Personal Journeys with Gramma

Life adventures, inspiration and insight; shared in articles, advice, personal chats and pictures.

It’s Not Funny If It’s…Snot

Does EVERYONE have allergies some time in life? I don’t remember having allergies until after I was married. When I was young, we lived in a forest. I spent lots of time outdoors—camping, hiking, swimming, playing. The local cement block plant spewed gray dust into the air. I sniffed a bit, but no big deal.

The first house my husband and I shared rested in a suburban neighborhood roughly between two airports (one military, one civilian) almost immediately beside a major highway and a block from a major city street. We could wipe black powdered residue from airline tires off our windows. To complicate matters at the time, Denver periodically endured some of the worst air quality in the nation due to temperature inversions and toxic emissions, creating a gaseous monster that was called the brown cloud. It looked like brown death devouring the city. First born children grew nervous. Suddenly I was sneezing and dripping and coughing. I went to the doctor to see what was wrong. He sighed wearily and told me I had allergies—probably a form of hay fever.

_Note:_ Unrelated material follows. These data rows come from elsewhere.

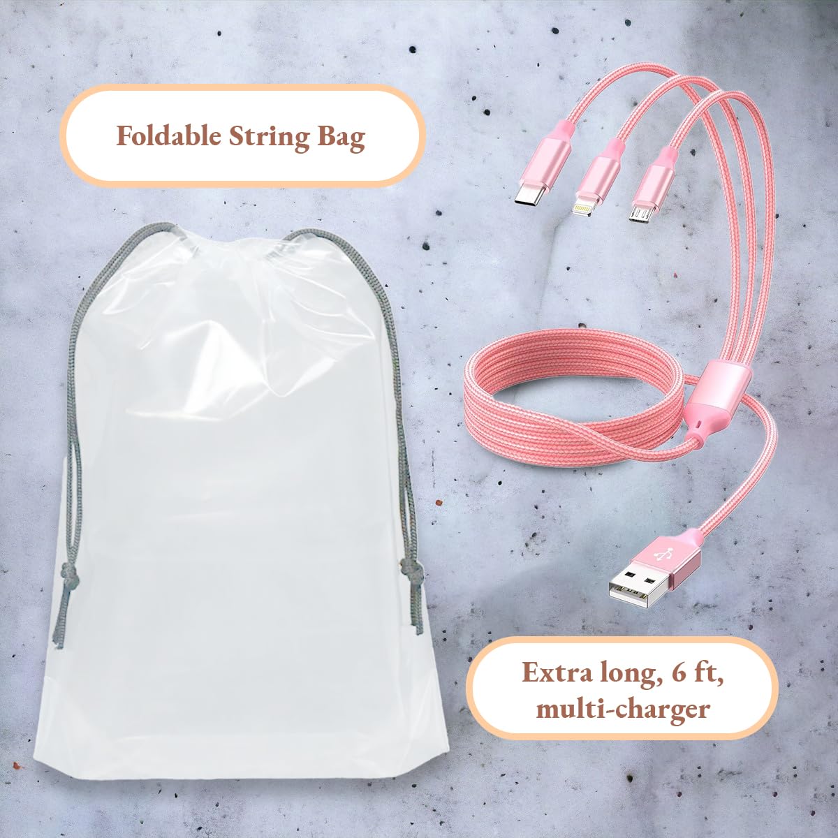 - TSA Compliant Kit Inludes: Large Capacity Toiletry Bag with Hanger, Extra Long (6.5 ft) Multi Phone Charger, Shampoo Body Cleansing Bar, Conditioner, Moisturizer, Deodorant, Sleep Mask, Lavender Diffuser, Travel Razor with Case, Earplugs, Bamboo Toothbrush, Organic Toothpaste Tablets, Floss Picks, Makeup Remover Balm, Laundry/Carry Bag, Sewing Kit, Cotton Pads, Q-tips, Nail File. Travel essentials and Travel-Size Toiletries for grooming, hygiene, oral care and comfort for women all in a spa gift box.
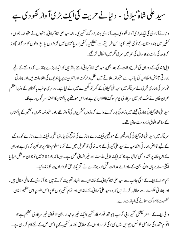 سید علی شاہ گیلانی ۔ دنیا نے حریت کی ایک بڑی آواز کھو دی ہے
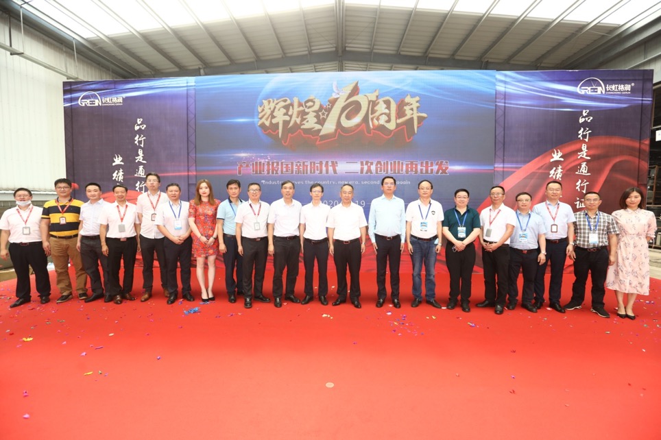 2020年6月19日,长虹格润公司召开以“产业报国新时代,二次创业再出发”为主题的十周年庆典盛会。四川省经信厅、四川省环保产业协会、成都市生态环保局、成都市经信局、金堂县政府等领导及长虹集团党委副书记谭明献、长虹股份公司副总经理潘晓勇、长虹公司新能源材料实验室首席科学家高剑等出席了本次大会。
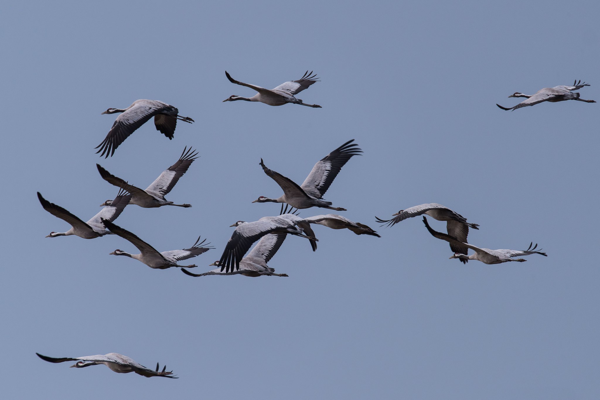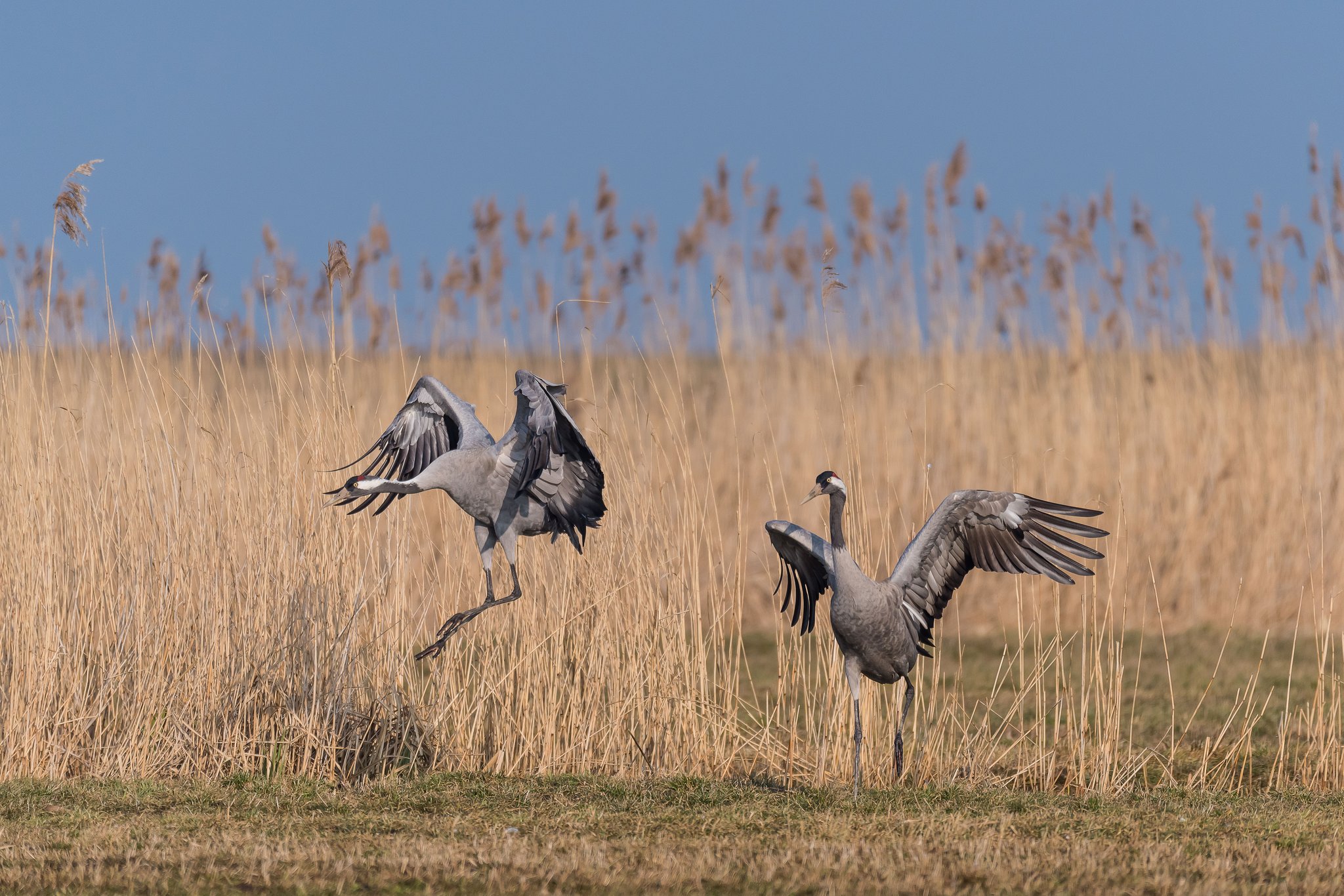 Kraniche gelten als Glücksvögel - und faszinierende Tiere sind sie ohnehin. Um ihnen auf ihrem Zug zu ihren Brutgebieten im Norden einmal so richtig nahe zu kommen, habe ich mich am vergangenen Wochenende in den Günzer Vogelwiesen an der Ostseeküste Mecklenburg-Vorpommerns in einer Fotohütte zwölf Stunden auf die Lauer gelegt. Leider haben sie mir kein Glück gebracht, denn in diesem kalten Frühjahr waren nur wenige Kraniche dort und die wenigen haben sich dann auch in nicht besonders fotogener Entfernung aufgehalten - so musste ich nehmen, was gerade kam...
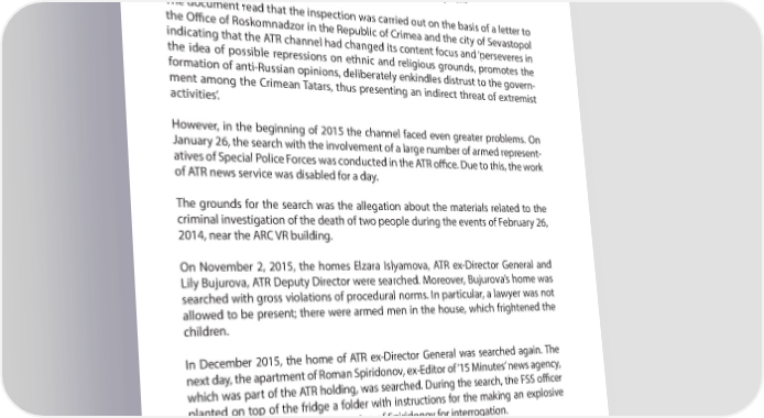 A YEAR AFTER: MAIN VIOLATIONS OF HUMAN RIGHTS IN CRIMEA PART 4 On September 24, Elzara Islyamova, the ETR TV Channel Director General, received a letter from the Extremism Combating Center of the Russian Interior Ministry in the Republic of Crimea demanding to provide the certiR ed copies of the registration documents and approvals giving the right to perform activities, as well as the lease agreement for occupied premises, the channel’s staT schedule, the list of persons o7 cially employed by the channel, and employees’ job description. The document read that the inspection was carried out on the basis of a letter to the O7 ce of Roskomnadzor in the Republic of Crimea and the city of Sevastopol indicating that the ATR channel had changed its content focus and ‘perseveres in the idea of possible repressions on ethnic and religious grounds, promotes the formation of anti-Russian opinions, deliberately enkindles distrust to the govern- ment among the Crimean Tatars, thus presenting an indirect threat of extremist activities’. However, in the beginning of 2015 the channel faced even greater problems. On January 26, the search with the involvement of a large number of armed represent- atives of Special Police Forces was conducted in the ATR o7 ce. Due to this, the work of ATR news service was disabled for a day. The grounds for the search was the allegation about the materials related to the criminal investigation of the death of two people during the events of February 26, 2014, near the ARC VR building. On November 2, 2015, the homes Elzara Islyamova, ATR ex-Director General and Lily Bujurova, ATR Deputy Director were searched. Moreover, Bujurova’s home was searched with gross violations of procedural norms. In particular, a lawyer was not allowed to be present; there were armed men in the house, which frightened the children. In December 2015, the home of ATR ex-Director General was searched again. The next day, the apartment of Roman Spiridonov, ex-Editor of ‘15 Minutes’ news agency, which was part of the ATR holding, was searched. During the search, the FSS o7 cer planted on top of the fridge a folder with instructions for the making an explosive device, which resulted in subpoenaing of Spiridonov for interrogation. The ATR TV channel made four attempts to obtain a Russian license, but failed to get a permit to broadcast in Crimea. Moreover, the “head” of Crimea Sergey Ak- syonov accused the TV channel’s leadership of deliberated delay of the obtaining of broadcasting license. According to him, the channel intentionally made mis- takes in the documents required for the obtaining of the license in order to over- blow a scandal. 103
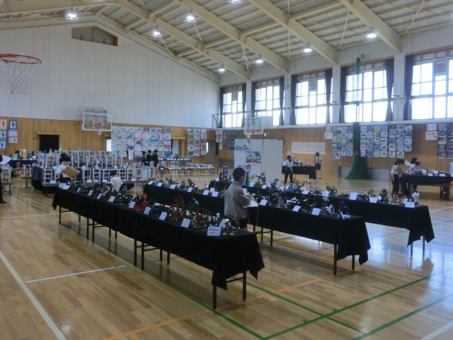 作品展の鑑賞を行いました。他学年の作品に感心する様子も見られます。ほかの学年・クラスも、順に鑑賞します。
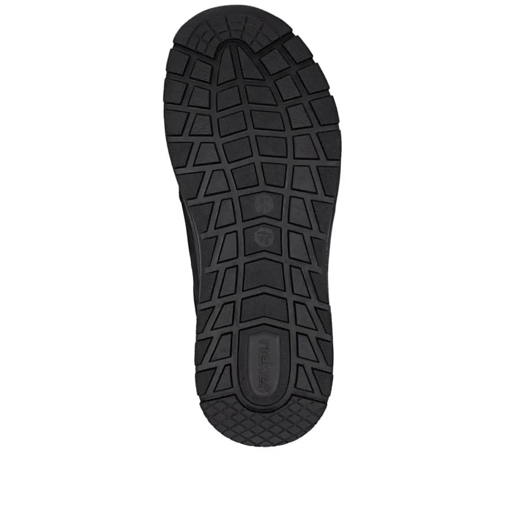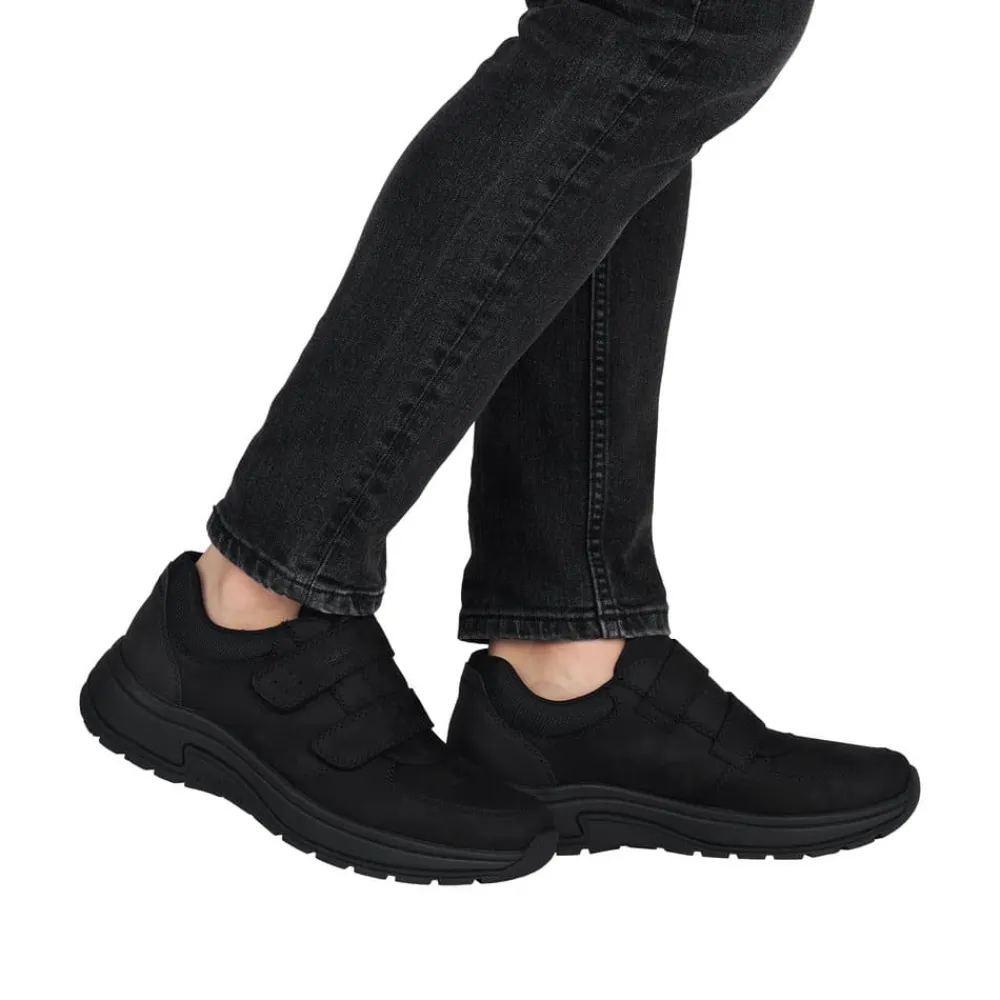 Rieker sko til herre i sort. Smarte herresko med en blød skindoverdel, der gør dem ideelle til hverdagsbrug. Modellen er udstyret med praktisk velcrolukning, så skoen er nem at tage af og på. Indvendigt finder du en blød udtagelig sål samt ekstra bredde (H), der giver både komfort og mere rummelighed til foden. Den mønstrede ydersål giver øget stødabsorberende og skridsikkerhed.
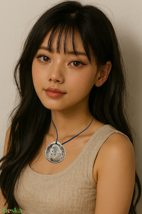 Gravírozott fa medál Szűz Mária és a kis Jézus ábrázolásával. Időseknek, vallásos érzelműeknek, hívőknek húsvéti ajándék

I suppose once your sensitive nasal membranes are annoyed, it’s easier for them to complain about a wide variety of irritants. Thus, I’m told many people who experience allergies to pollution eventually also develop allergies to seasonal triggers such as pollen or molds or perpetual catalysts such as dust. In my house, allergies are inevitable. The final product is misery. We moved away from Denver, but we acted too late. My fate was sealed.

Recently as my husband and I were walking our dogs on a county road, I stopped, alarmed. “Is that tree on fire?” I asked, pointing. “Nope,” my husband replied. “That’s pollen.” He was right. Later, looking out our front windows, I watched visible waves of pollen like bird formations swooping from tree to tree on the wind…and I sneezed.

Granted, few so-called hay fever sufferers reach life-threatening levels of reaction like people who are deathly allergic to certain drugs or foods or bee-stings can do. But we feel terrible and we’re crabby. I once had to teach a class with bits of tissue crammed up my nose because all the antihistamines on the market (over-the-counter and prescription) couldn’t rescue me from dripping. It was a humiliating experience. I love both spring and fall, and the tissue companies should send me Christmas cards to thank me for buying mass quantities of their products.

The good part about allergies is they’re humbling. It’s difficult to imagine you’re a superior human being when you have tissue in your nose. But you risk certain dangers—such as attempting to drive in dense traffic when your eyes are running and you’re trying desperately to reach something that can act as a tissue for your nose. Now that people are advised to sneeze into their elbows to avoid contaminating their hands, we allergy sufferers have to keep wet wipes at hand to clean off the elbows of our various outfits. I buy turmeric in pound bags so I can take a teaspoon daily, because that’s the only substance currently known to humankind that can help alleviate—not cure—my symptoms.

Of course, pollen and hay and dust aren’t the only irritants to which I tend to overreact. I’m also hyper-sensitive to deliberate ignorance, smug piety, cruelty, and lying and probably more I can’t justify. “Be the change you wish to see in the world.” And love. Apply love liberally—to yourself and those around you. The rest is a matter of tolerance.